* What is needed
Exactly as written, copy every line from the one containing "皆さんはフランスパンを買うと" through the end of the records, with the pictures left out.

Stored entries
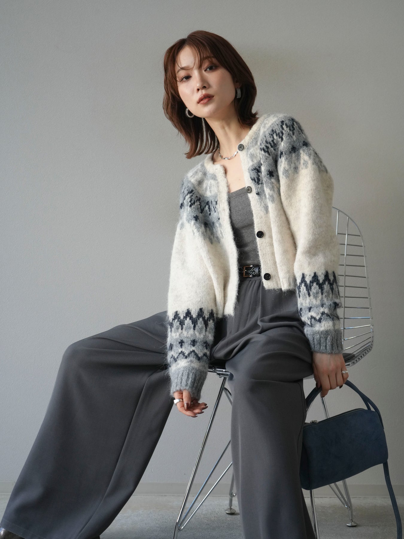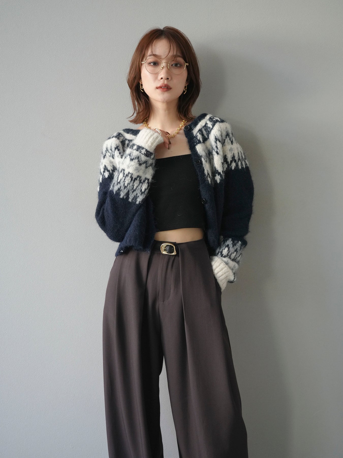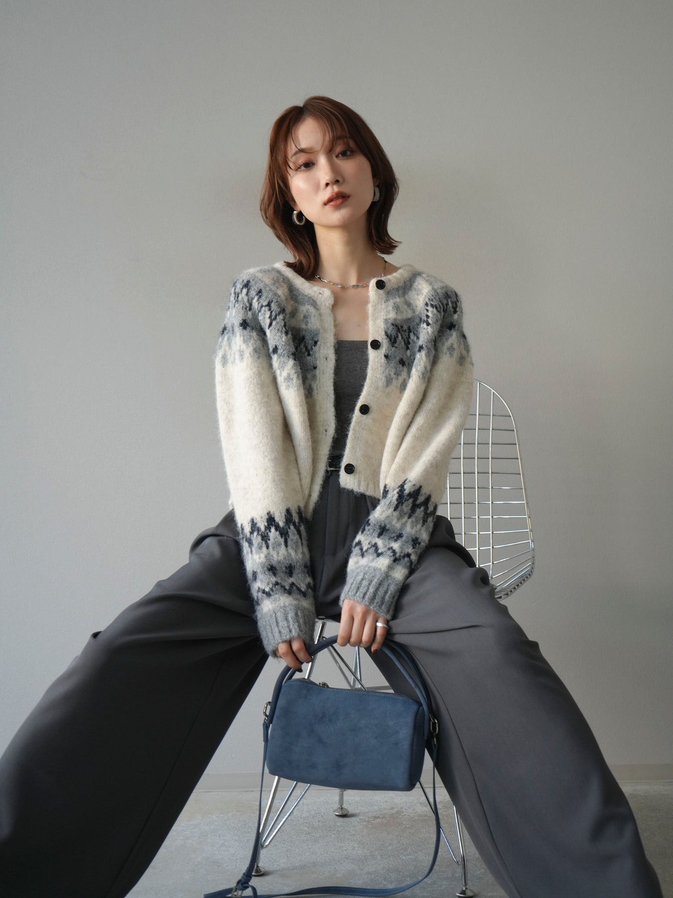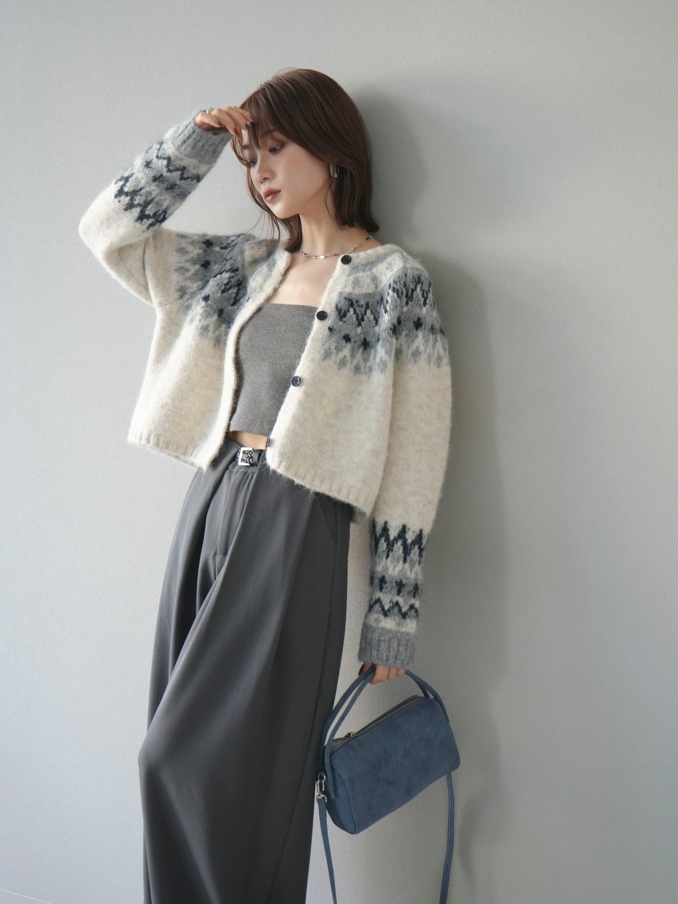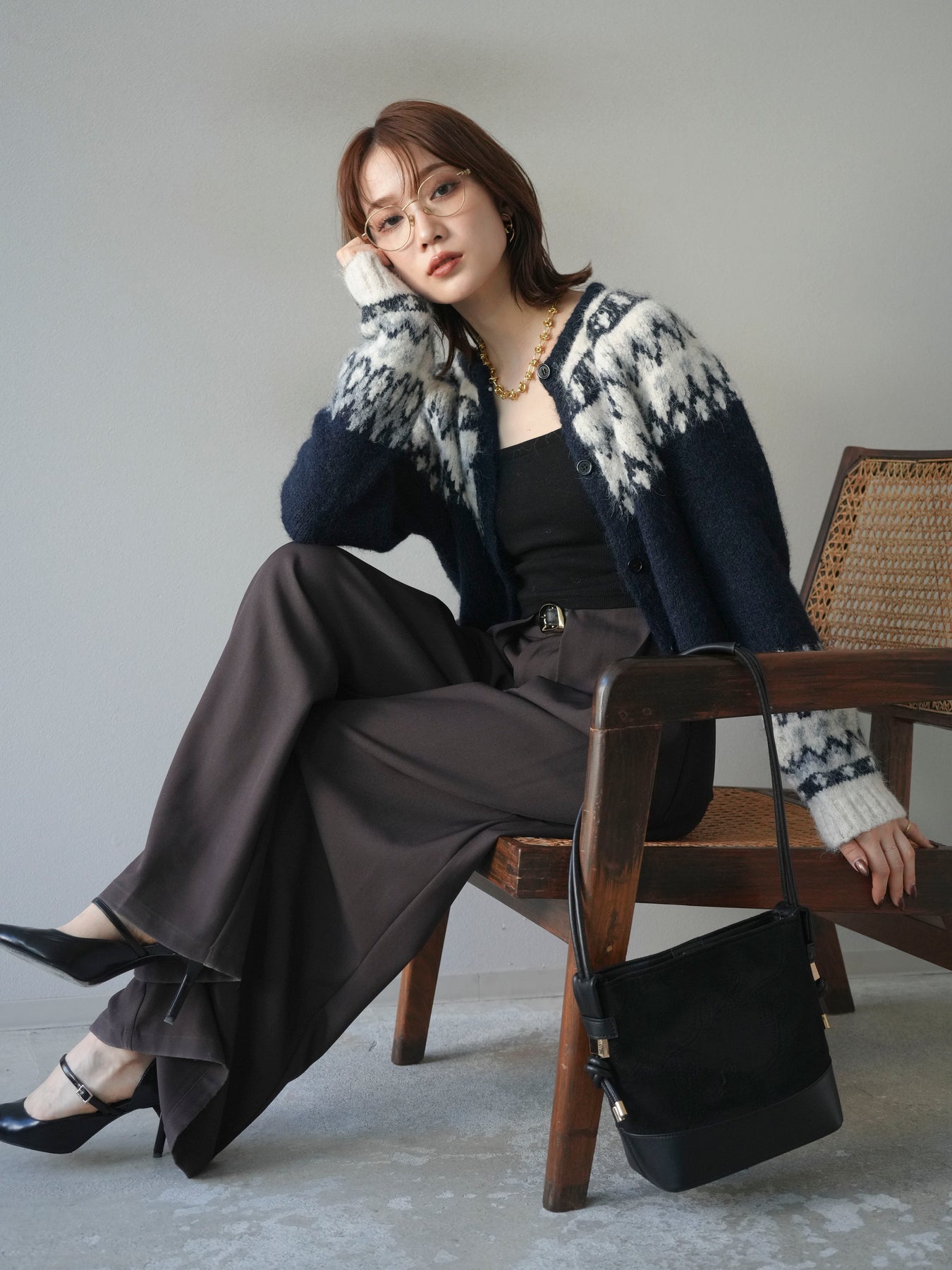 【着回しセット】[SET]求心柄クロップドニットカーディガン+ミックスヤーンペイズリー柄ニットカーディガン+ベルトループデザインワイドパンツ(3set)
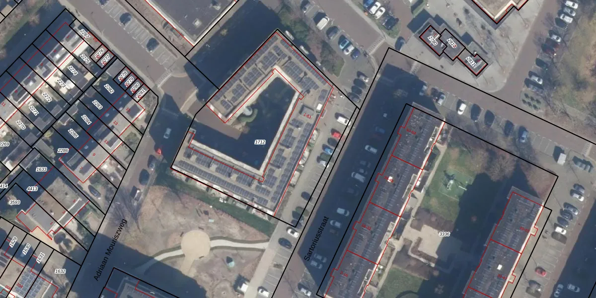 Het perceel waarop Sartoriusstraat 69 staat heeft een oppervlakte van 2229 m². Dit is een zeer groot perceel. De perceeloppervlakte wordt geregistreerd door het Kadaster. Gedetailleerde informatie over de maten van dit perceel kunt u vinden in het rapport Kadastrale kaart met maatvoering van Sartoriusstraat 69.
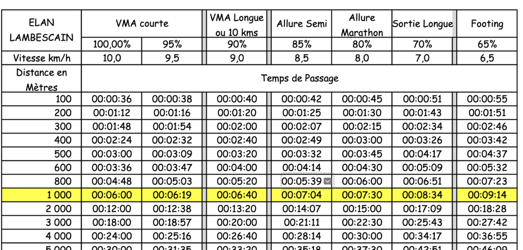 Trouvez le tableau qui vous correspond en repérant la VMA qui figure sous la mention VMA courte 100%.
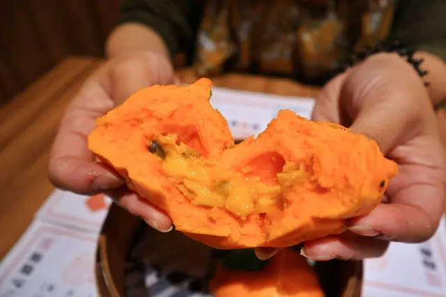 掰開黑嚕嚕著神秘面紗的叉燒包,內餡是鮮明亮眼可口的深橘色,叉燒甜滋滋帶鹹的滋味好喜歡,不過餡料在多一點會更愛。
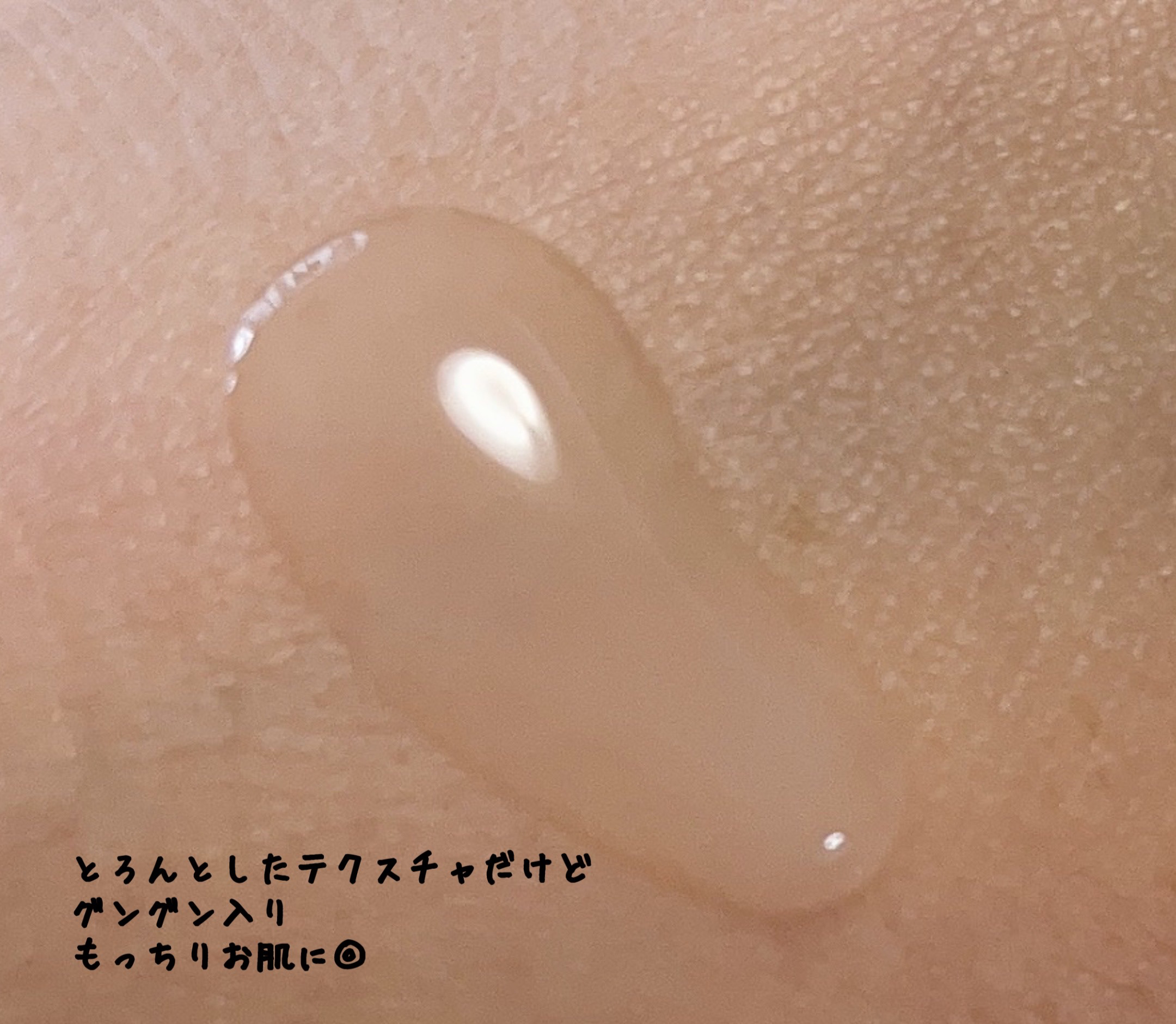 名前のとおり、美容液を塗ったかのような綺麗なツヤで、一度使うと虜になる。 毛穴も色むらも自然にカバーしてくれて、ツヤんと保湿力も持続する◎ 薄膜でピタっと密着して、急いで適当に塗っても丁寧に綺麗に仕上げた感が出て、テクいらずなのも魅力的◎ メイクキープ力も高いけれど、マスクにはつくかなぁってところ。 それ以外はもう良いところしかない✨ リピ確決定です🙆♀️ これ買うか悩んでいる人は絶対に買ってほしい🥺
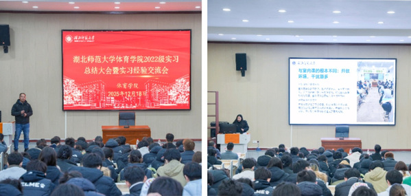 实习成果交流阶段,各小组举办了专题汇报会。学生们结合自身实习方向,分享了在中小学课堂教学与课后体育服务、商业健身机构运营、社区健康促进等领域的实践收获与反思。指导老师结合行业发展趋势进行点评,现场互动热烈,体现了专业发展的多元路径与活力。曾在中小学完成体育支教实习的2205班熊丁蕾同学,在12月18日召开的《正妹av 2022级实习总结大会暨“千师百校”体育支教经验交流会》上分享到:“这段经历让我完成了从‘体育生’到‘教育者’的蜕变。”这段简洁而深刻的感悟,恰是专业能力向基础教育领域成功迁移的生动写照,也折射出本专业学生通过实践锤炼,获得的角色转换与综合素养提升。
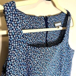 Y2K 90s Aqua Blues 96% Cotton, 4% Spandex Blue Floral Body Cotton Dress L
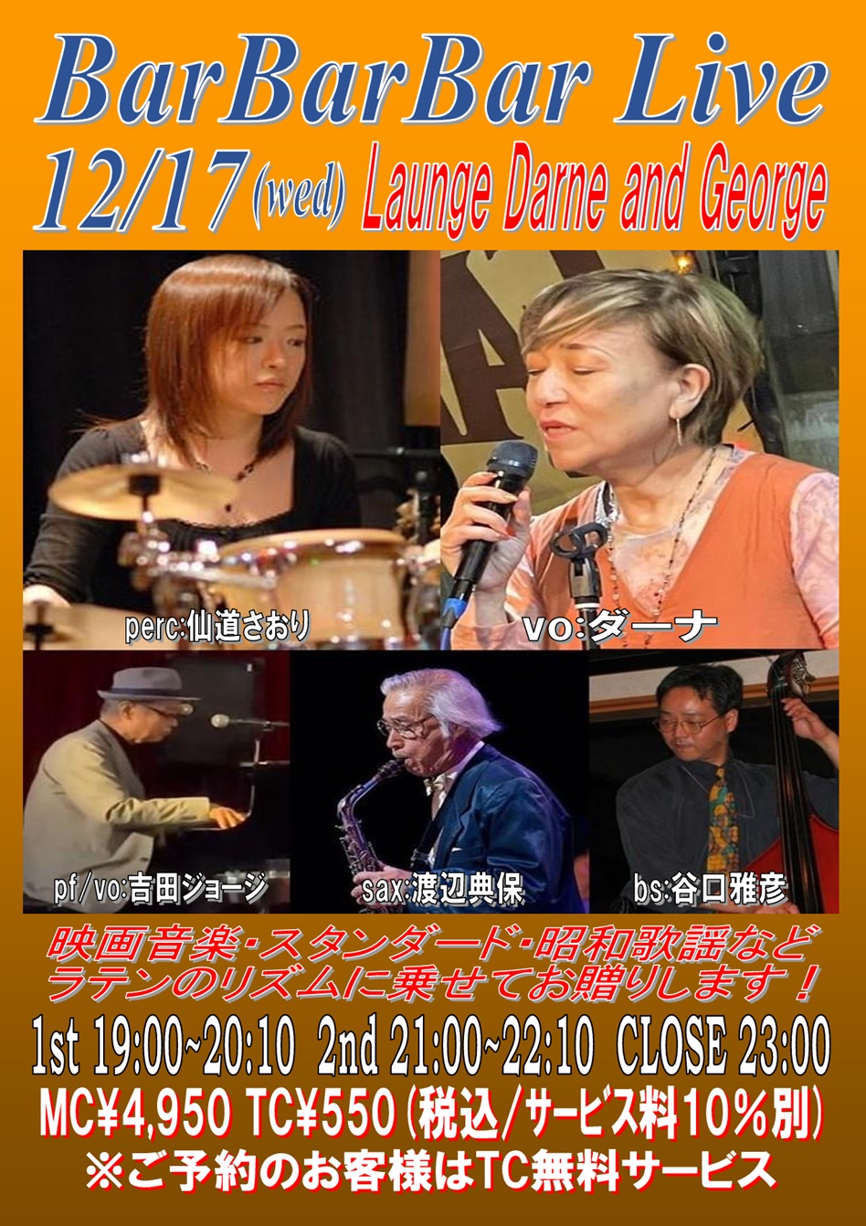 vo:山田夢子 vo:Remi vo:Satsuki sax:中山拓海 fl:笛吹かな r・gt:岸 真澄 pf:青木弘武 bs:竹内秀雄 ds:西川彩織 OPEN 18:00 1st 19:00~20:30 (入替なし) 2nd 21:00~22:30 CLOSE 23:00 MC 6,600円(税込/サービス料10%別) 企画責任者 (一社)神奈川サウンドプロジェクト 池上秀明 | 17 ■Launge Darne and George
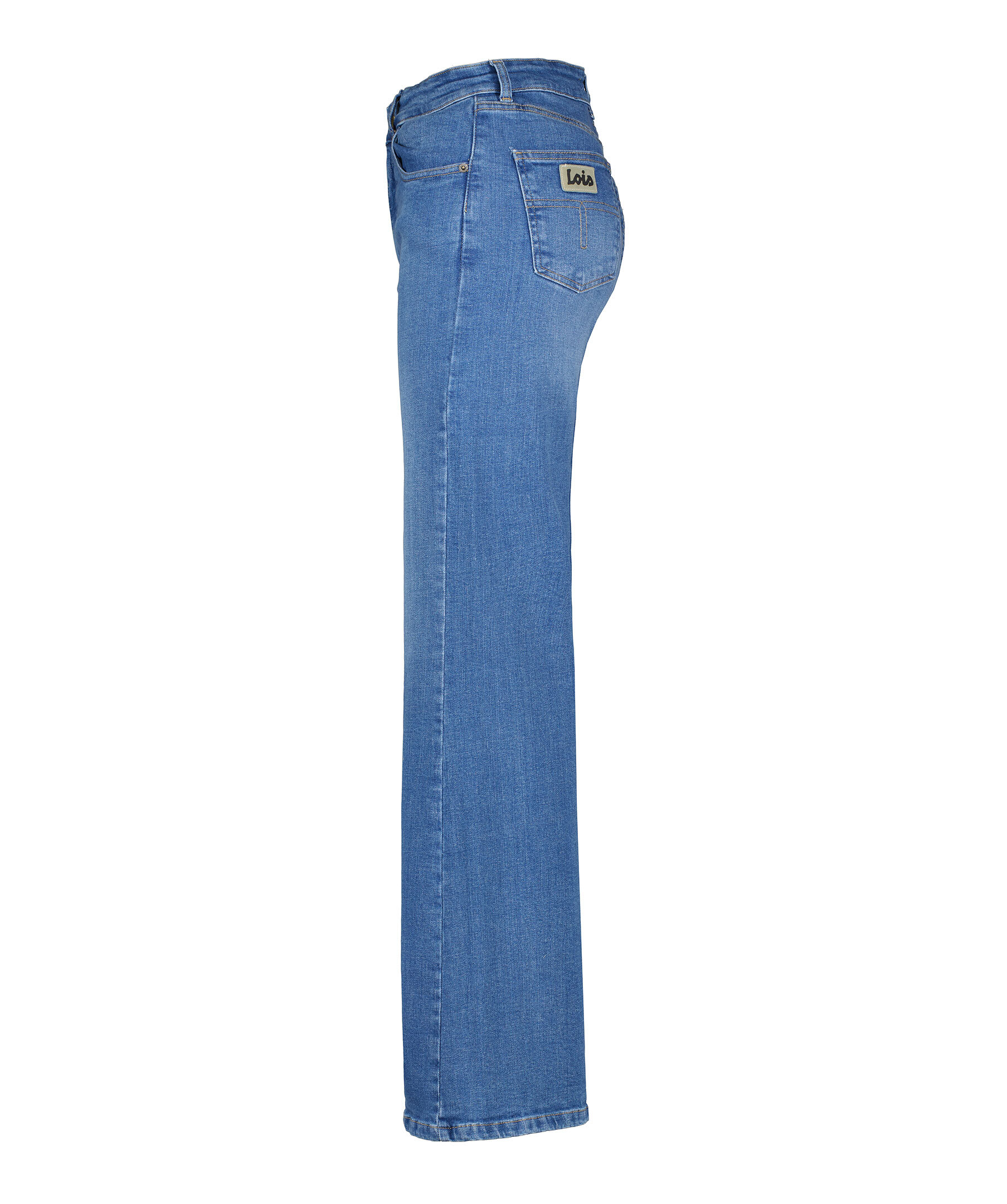Blåa bootcut jeans från Lois. jeansen har hög midja med bälteshällor, fem fickor, logotyp på bakfickorna samt en liten vid myntfickan. Tillverkade i en bomullsblandning.
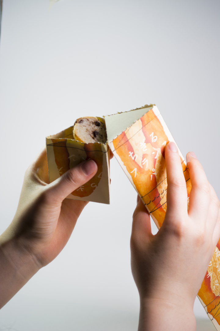 皆さんはフランスパンを買うときや、食べる時に「こんな大きいと、いっぺんに食べられないよ…」と思ってしまうことがあると思います。 そこで、この「ちぎるフランスパン」は事前に切られたフランスパンが、構造体の中に入っているます。そして、食べたい分だけ紙のパッケージをちぎることで食べる量を調節することができます。
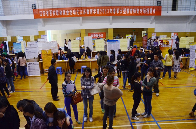 面对日趋严峻的就业压力,为更好地拓宽毕业生的就业渠道, 4月27日上午,学工处大学生就业指导中心在草场门校区体育馆举办了一场“江苏教育学院2013年春季大型教育师资专场招聘会”。
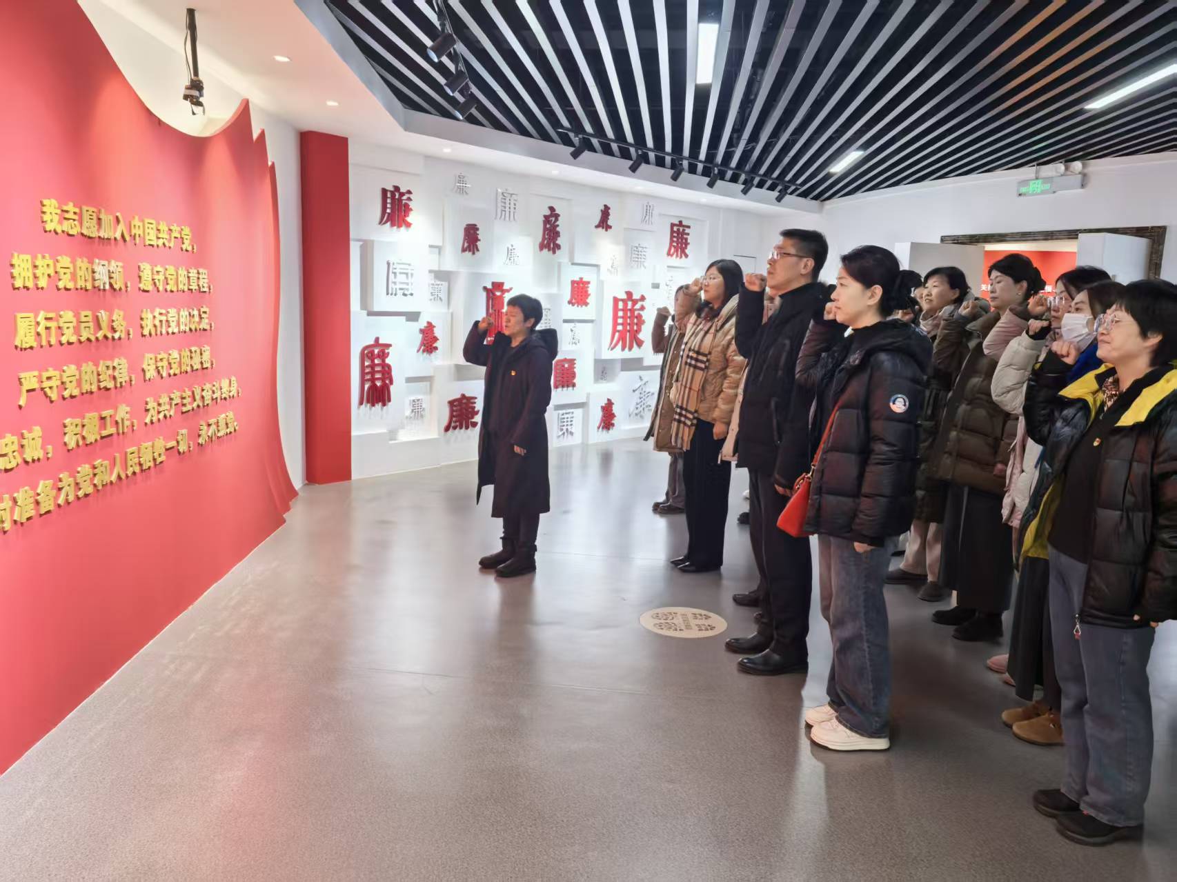 在教育基地讲解员的带领下,首先集中观看了《全面从严治党永远在路上》专题纪录片,深刻感受党中央推进自我革命的坚定决心。依次参观了“初心使命”“警钟长鸣”“利剑高悬”等主题展区,深入学习了党的纪律建设历程与成效。通过翔实的图文资料、震撼的影像画面、典型的案例剖析,以“身边案”警醒“身边人”,敲响了拒腐防变的警钟。公司党委副书记兼纪委书记密佳音带领党员重温入党誓词。

* Solution to the exercise
 皆さんはフランスパンを買うときや、食べる時に「こんな大きいと、いっぺんに食べられないよ…」と思ってしまうことがあると思います。 そこで、この「ちぎるフランスパン」は事前に切られたフランスパンが、構造体の中に入っているます。そして、食べたい分だけ紙のパッケージをちぎることで食べる量を調節することができます。
 面对日趋严峻的就业压力,为更好地拓宽毕业生的就业渠道, 4月27日上午,学工处大学生就业指导中心在草场门校区体育馆举办了一场“江苏教育学院2013年春季大型教育师资专场招聘会”。
 在教育基地讲解员的带领下,首先集中观看了《全面从严治党永远在路上》专题纪录片,深刻感受党中央推进自我革命的坚定决心。依次参观了“初心使命”“警钟长鸣”“利剑高悬”等主题展区,深入学习了党的纪律建设历程与成效。通过翔实的图文资料、震撼的影像画面、典型的案例剖析,以“身边案”警醒“身边人”,敲响了拒腐防变的警钟。公司党委副书记兼纪委书记密佳音带领党员重温入党誓词。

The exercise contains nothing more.